I first heard "Barrat's Privateers" together with
Witch of the Westmoreland and "White Collar Holler" being sung by
Stan Rogers (who has been the subject of quite a lot of correspondence) on a
Wally Whyton folk-music programme broadcast by the British Forces Broadcasting Service, here in Germany, in July 1983. It was an electrifying experience for me, the hair on the back of my neck rose and I was dumbfounded. The song was so authentic that it sent me scrambling through my songbooks all the time wondering why I had never heard such a marvellous song before. I was almost on the point of writing to Roy Palmer to ask him why it wasn't in his
The Oxford Book of Sea Songs but over the years quietly forgot it (no Internet or Email in those days!).
It was only after some Internet correspondence in 1998 with a certain "Sacred Cowboy" that I learned more about Stan Rogers and his repertoire.

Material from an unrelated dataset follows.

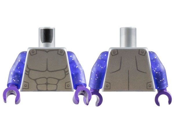 Torso Silver Armor with Dark Bluish Gray Muscles Outline Pattern / Glitter Trans-Purple Arms / Dark Purple Hands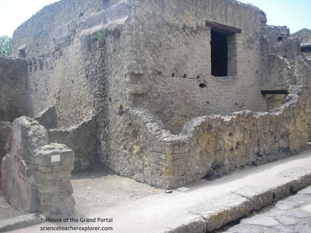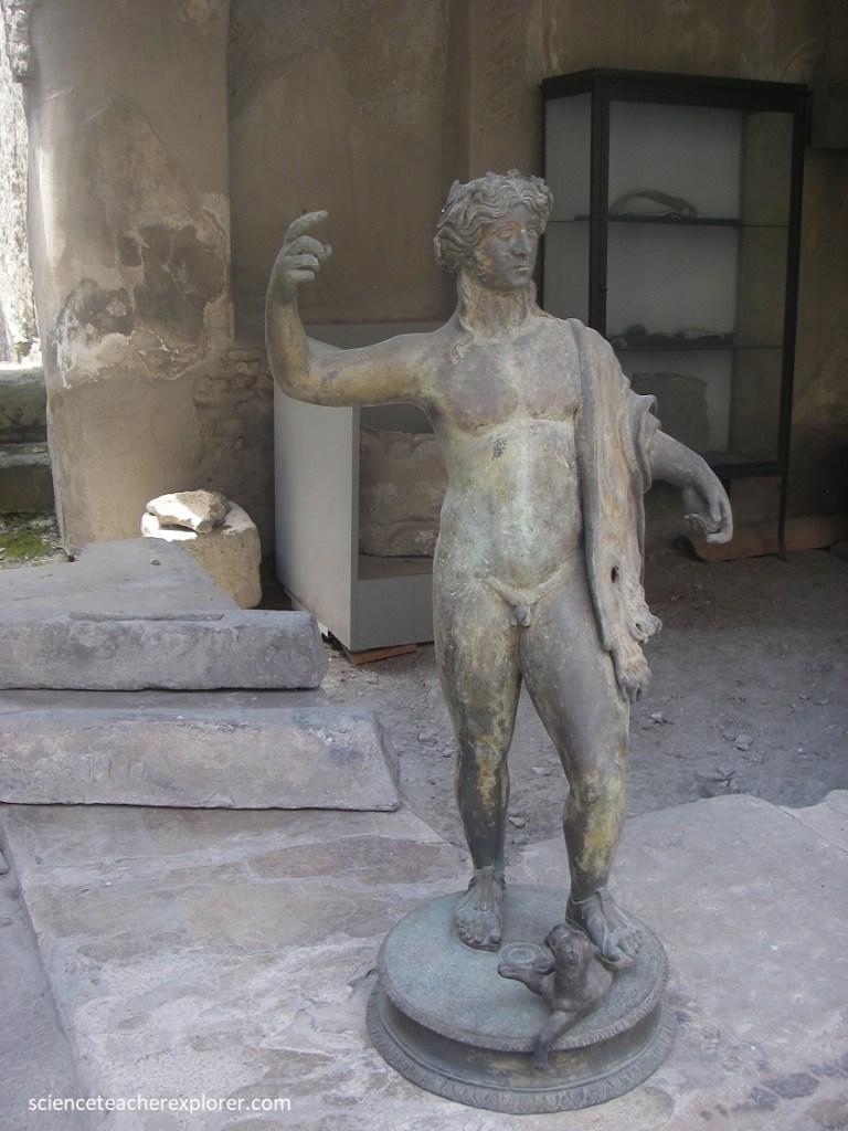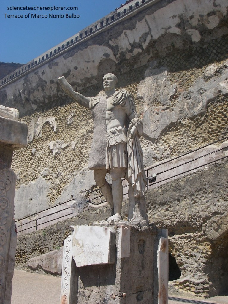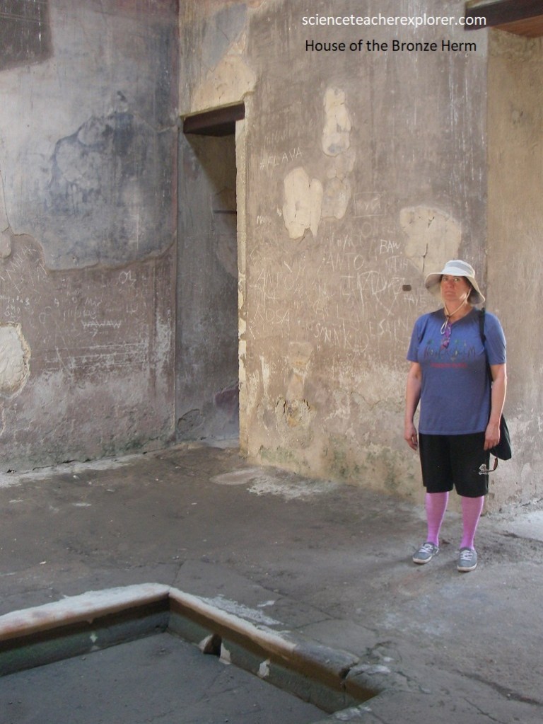 Across the street was, “The House with the Bronze Herm” (Casa dell’ erma bronzo). “This is one of the oldest houses in Herculaneum and has an elongated shape. The house got its name from a bronze Herma found in the tablinum, (a room that served as the office of the owner of the house), a place for personal meetings and storage of important documents. The Herma is a four-sided pillar with a sculpted head of a god, politician, or thinker. However, in this case, historians believe that the Herma is a portrait of the owner of the house, (pictured below).

The only information that the broadcasters gave in 1983 was that he was Canadian and that he had recently died.
For an example of authenticity just grab this:
"The Antelope sloop was a sickening sight. How I wish I was in Cherbourg now
She'd a list to port and her sail in rags,
The cook in the scuppers with the staggers and jags"
For those not in the know, "the staggers and the jags" was a late 18th century euphemism for a particular anti-social disease of the willy. Now this expression had completely died out almost two hundreds of years ago. This together with absolutely authentic naval and maritime expressions in every verse coupled with mysterious inconsistencies (no mention of a sloop called Antelope in the annals or the navigational difficulties of getting to Montego Bay) lead me to believe that this was a rare 18th century sea song. It really baffled me that such a good song should ever die out.
Well, at the above site I learned all and was again astonished to find out that "Barrat's Privateers" is very modern and originates from Stan Rogers vivid imagination and his reported desire to out-sing some a cappella Brits he had been singing with.
By the way, "Cherbourg" in the chorus above is my transcription mistake, I misheard Sherborne (in Newfoundland). There are some other transcription mistakes that I made but after singing "my" version for 16 years I'm not keen on changing to the "real" version
(pace Stan). This is subject to correspondence with the above site.